▸ Work item
If a record holds a picture, please leave the picture out and copy the rest of the record exactly.

*** Begin section ***

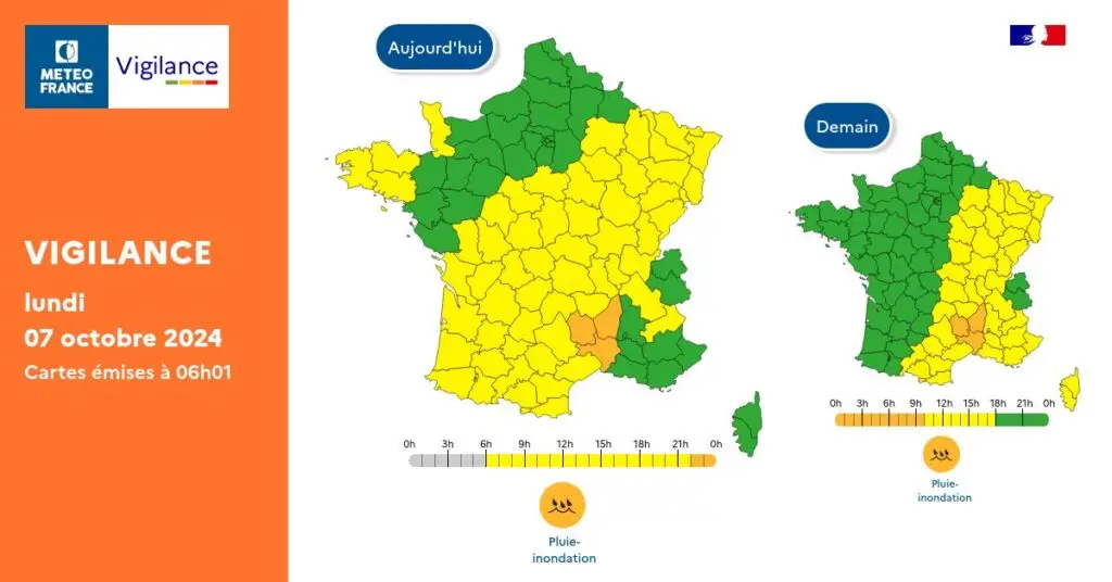 Les services de Météo-France viennent de placer plusieurs départements en vigilance orange pluie-inondation. Il sagit du Gard, de la Lozère et de l’Ardèche. L’Hérault reste en vigilance jaune pour le moment. En effet, un épisode cévenol va débuter dans les prochaines heures, comme prévu depuis plusieurs jours sur InfOccitanie. Cet épisode va surtout se renforcer dans la nuit de lundi à mardi et ce mardi 8 octobre au petit matin. On surveille le passage d’une ligne pluvio-orageuse peu mobile en plaine mardi matin, entre l’Est de l’Hérault et surtout les plaines du Gard.
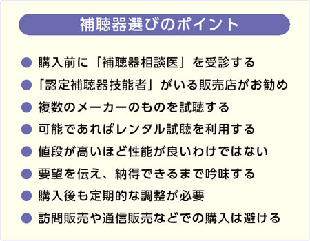 2005年の薬事法改正によって、補聴器は単なる医療用具から「管理医療機器」に規定されました。厚生労働省の認定する管理者がいない限り、補聴器の販売はできません。販売者は少なくとも3年間は売った記録を残して、苦情などに適正に対応しなければなりません。要望をきちんと伝えて、納得できるまで吟味してください。
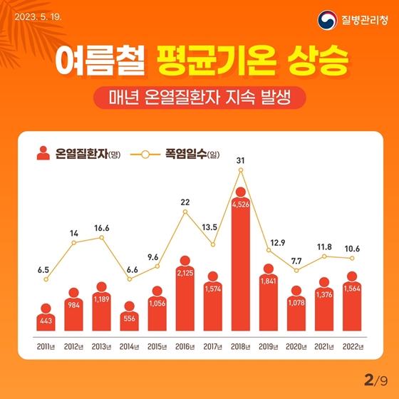 또한 여름철 평균기온의 상승으로 매년 온열질환자는 지속적으로 발생하고 있습니다.
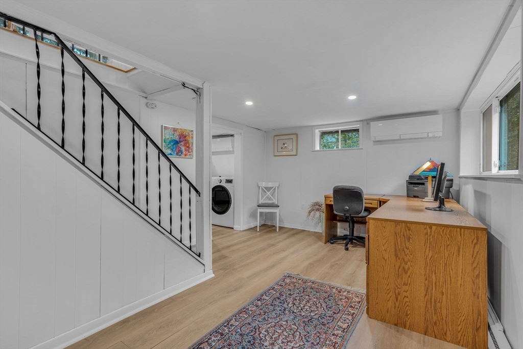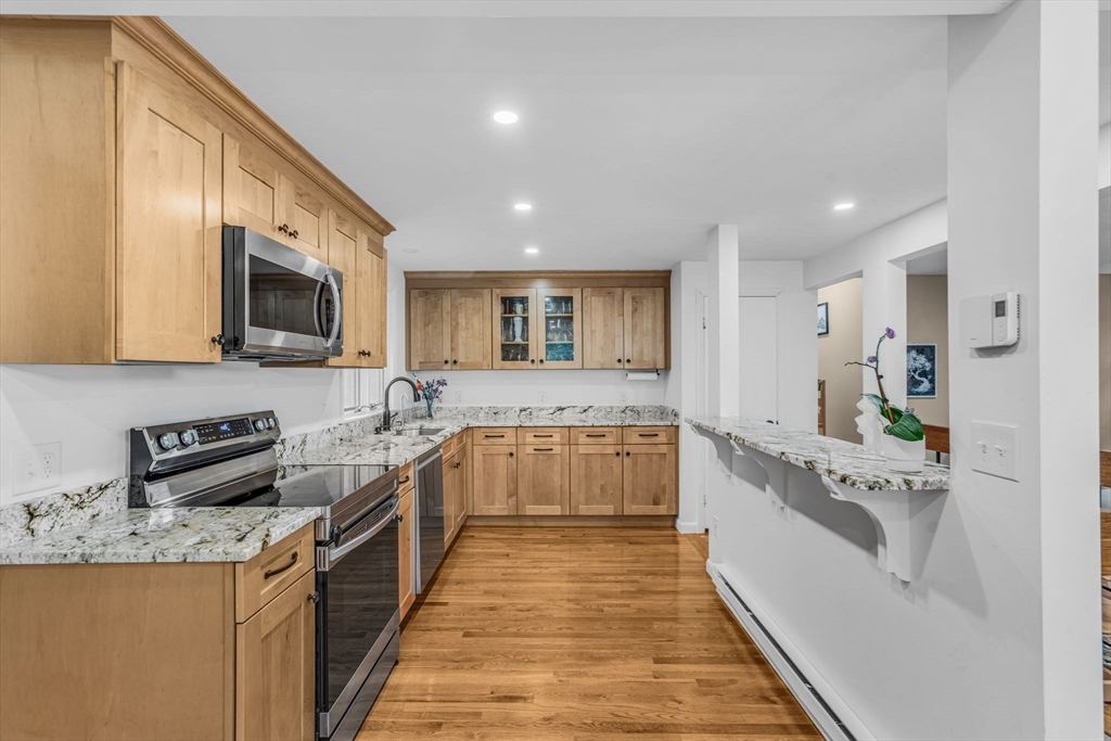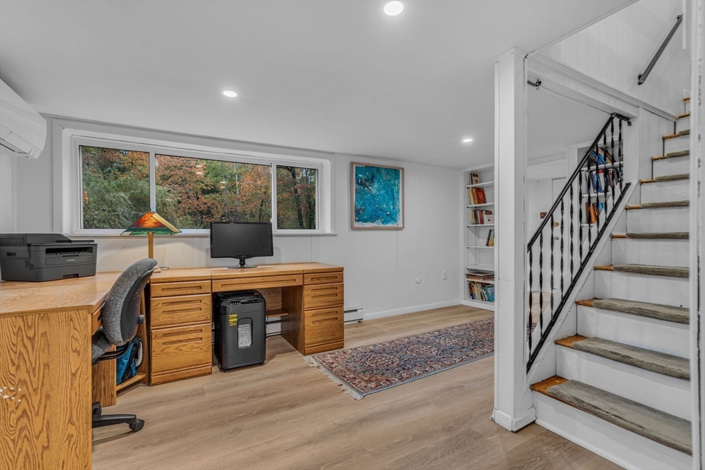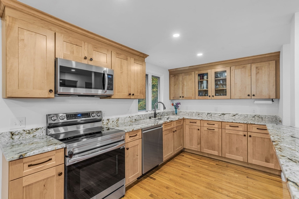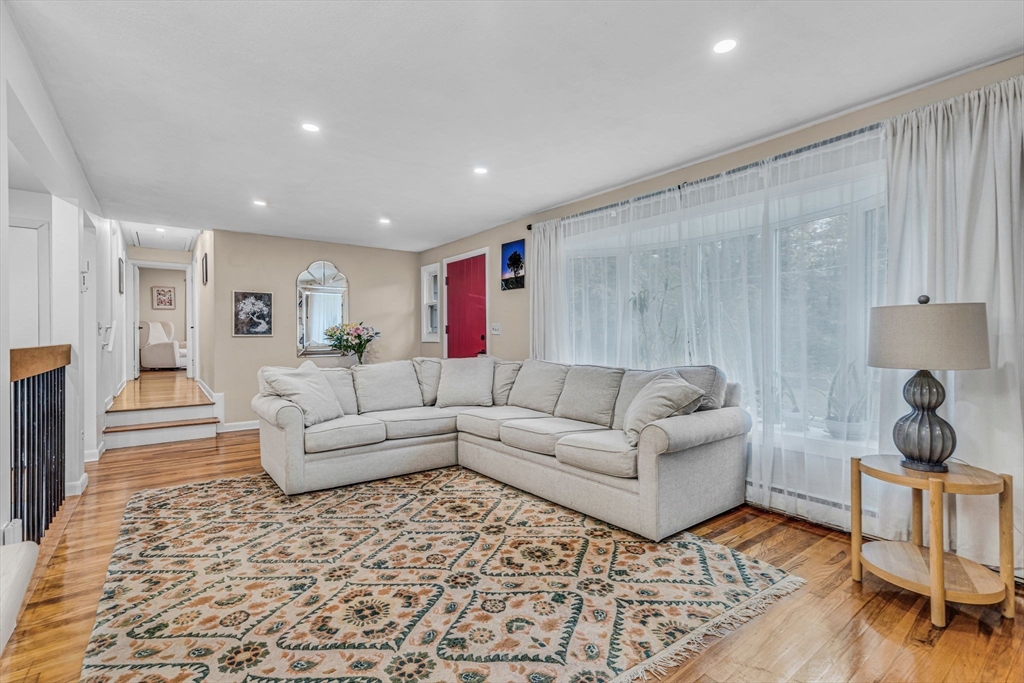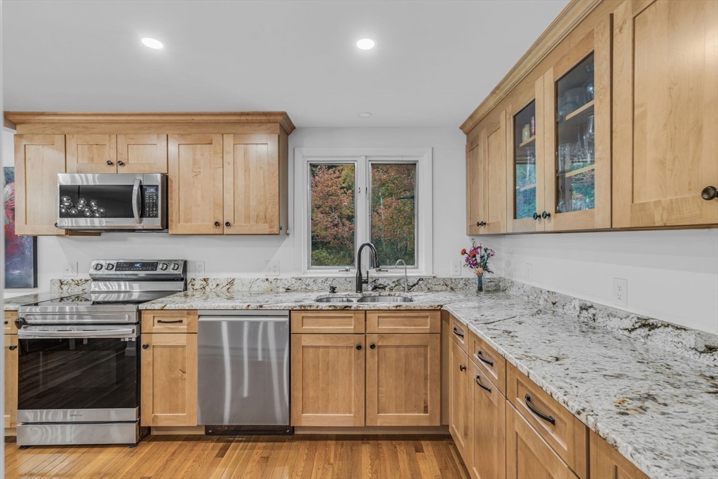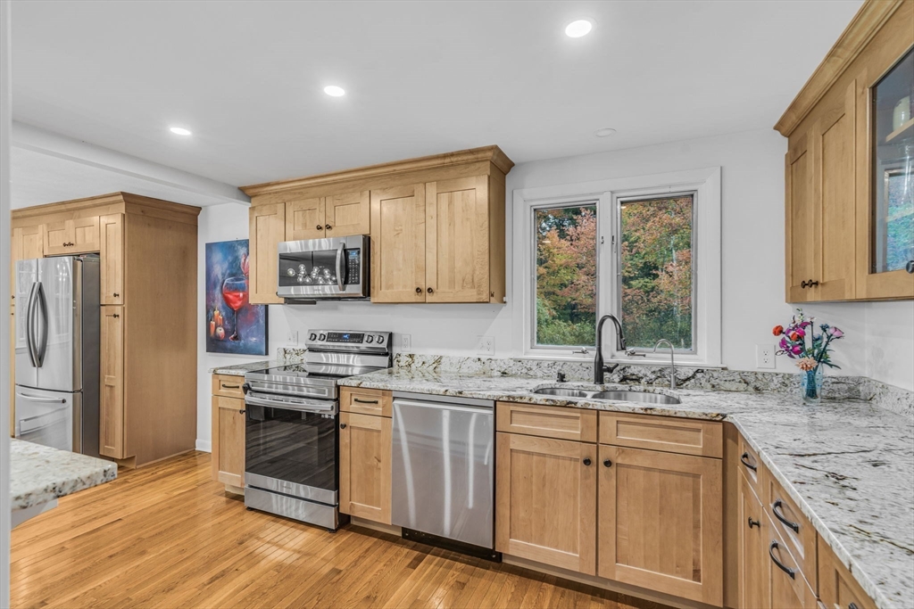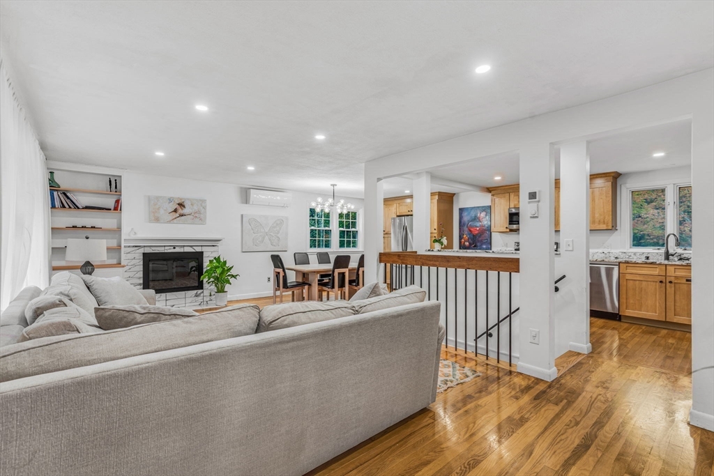 This beautifully renovated raised ranch is sure to delight! Nestled in a well-established, sought-after neighborhood, this three bedroom home offers convenience, comfort and charm. The upper level offers a flexible, open-plan living area, complete with a dining room, a newly renovated kitchen, and a living room with a beautiful fireplace. It’s ideal for hosting, relaxing and everyday living! Head up a few steps to find the main bath and three good sized bedrooms. The primary bedroom includes a full en suite bath. On the newly refinished lower level, there is even more living space! Currently configured as a home office and family room, the possibilities for this space are endless. There is an updated mudroom that provides walk-out access to the lovely backyard and two car garage. With neighborhood access to the Mass Central Rail Trail, you’ll have miles of scenic routes right at your doorstep. Ideally located for commuters with easy access to major routes and top-rated Wayland schools.
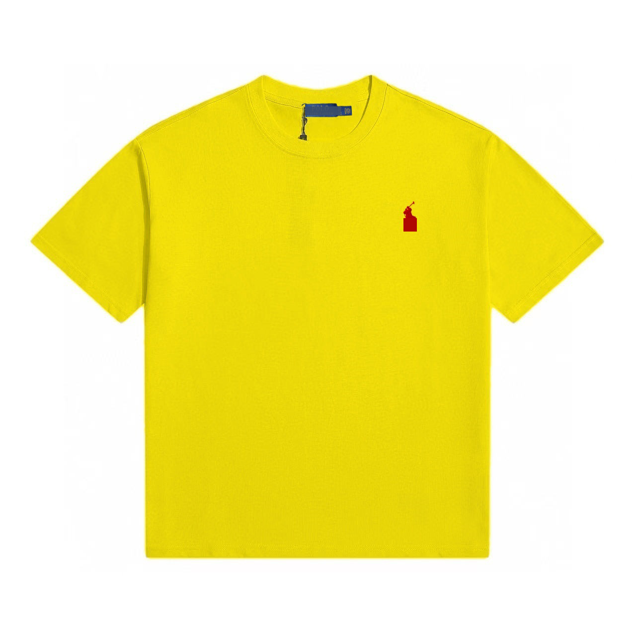 • 티셔츠 노란색 빨간색 라벨
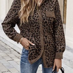 EMERY ROSE Women's Leopard Print Front Button Casual Long Sleeve Regular Jacket$20Thomasville, NC
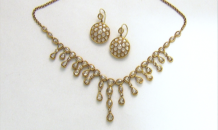 DEMI PARURE. In oro giallo 18 kt composta da coppia di orecchini a monachella di forma circolare e da collana con maglie ad anelli doppi e settore centrale frangiato, diamanti taglio rosa per tot. cts. 20,00 ca. a decoro.

*** End section ***

▸ Finished task
 Les services de Météo-France viennent de placer plusieurs départements en vigilance orange pluie-inondation. Il sagit du Gard, de la Lozère et de l’Ardèche. L’Hérault reste en vigilance jaune pour le moment. En effet, un épisode cévenol va débuter dans les prochaines heures, comme prévu depuis plusieurs jours sur InfOccitanie. Cet épisode va surtout se renforcer dans la nuit de lundi à mardi et ce mardi 8 octobre au petit matin. On surveille le passage d’une ligne pluvio-orageuse peu mobile en plaine mardi matin, entre l’Est de l’Hérault et surtout les plaines du Gard.
 2005年の薬事法改正によって、補聴器は単なる医療用具から「管理医療機器」に規定されました。厚生労働省の認定する管理者がいない限り、補聴器の販売はできません。販売者は少なくとも3年間は売った記録を残して、苦情などに適正に対応しなければなりません。要望をきちんと伝えて、納得できるまで吟味してください。
 또한 여름철 평균기온의 상승으로 매년 온열질환자는 지속적으로 발생하고 있습니다.
 This beautifully renovated raised ranch is sure to delight! Nestled in a well-established, sought-after neighborhood, this three bedroom home offers convenience, comfort and charm. The upper level offers a flexible, open-plan living area, complete with a dining room, a newly renovated kitchen, and a living room with a beautiful fireplace. It’s ideal for hosting, relaxing and everyday living! Head up a few steps to find the main bath and three good sized bedrooms. The primary bedroom includes a full en suite bath. On the newly refinished lower level, there is even more living space! Currently configured as a home office and family room, the possibilities for this space are endless. There is an updated mudroom that provides walk-out access to the lovely backyard and two car garage. With neighborhood access to the Mass Central Rail Trail, you’ll have miles of scenic routes right at your doorstep. Ideally located for commuters with easy access to major routes and top-rated Wayland schools.
 • 티셔츠 노란색 빨간색 라벨
 EMERY ROSE Women's Leopard Print Front Button Casual Long Sleeve Regular Jacket$20Thomasville, NC
 DEMI PARURE. In oro giallo 18 kt composta da coppia di orecchini a monachella di forma circolare e da collana con maglie ad anelli doppi e settore centrale frangiato, diamanti taglio rosa per tot. cts. 20,00 ca. a decoro.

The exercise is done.